UK regulator to consider the collapse of Terra currencies in new crypto rules: Market volatility in stable coins should be taken into account, said the FCA’s managing director for markets.
When developing new rules for crypto assets, the U.K. Bloomberg said on Friday that the Treasurer of the Treasury and the Treasury will examine the decline of cryptocurrencies in the ecosystem Terra.
The latest market volatility in stablecoins should be “completely taken into account” when the Financial Behavior Commission works with the Treasury to formulate rules later this year, FCA Managing Director for Markets Sarah Pritchard told Bloomberg.
On May 13, Terra’s USD Algorithmic Staplecoin fell to 23 cents.
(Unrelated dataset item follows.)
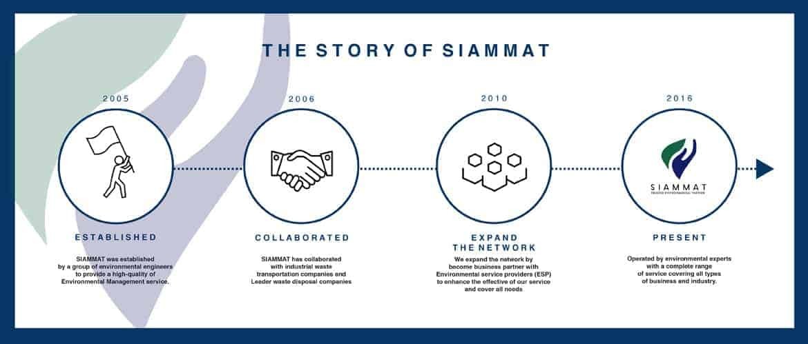 Siammat เป็นบริษัทที่ปรึกษาด้านสิ่งแวดล้อมที่ให้บริการด้านการจัดการสิ่งแวดล้อม โดยทีมงานที่มีประสบการณ์ในหลายธุรกิจ และมีความเชี่ยวชาญในด้านต่างๆ ครอบคลุมปัญหาสิ่งแวดล้อมในทุกมิติ เช่น ระบบบำบัดน้ำเสีย การออกแบบระบบบำบัดน้ำเสีย การให้คำปรึกษาด้านสิ่งแวดล้อม การกำจัดกากอุตสาหกรรม และการตรวจวัดคุณภาพสิ่งแวดล้อม

An algorithmic staple coin theoretically maintains its peg using only software and rules, which means it does not need to be supported by the network. Instead, the programming of the token, or smart contract, can increase supply if prices fall or decrease supply if prices rise.
“Recent events in the crypto asset markets illustrate the need for appropriate regulation to help reduce the risks of consumer, market integrity, and financial stability,” a Treasury spokesman said. “The government will continue to work with regulators to address these risks as it develops its legislative approach.”
In March, the U.K. said it would work on a new crypto regulatory package and plans to regulate stable coins. In its consultation, the government proposed that the algorithm should not regulate stable coins.
The FCA was not immediately available for comment when contacted by CoinDesk on Friday.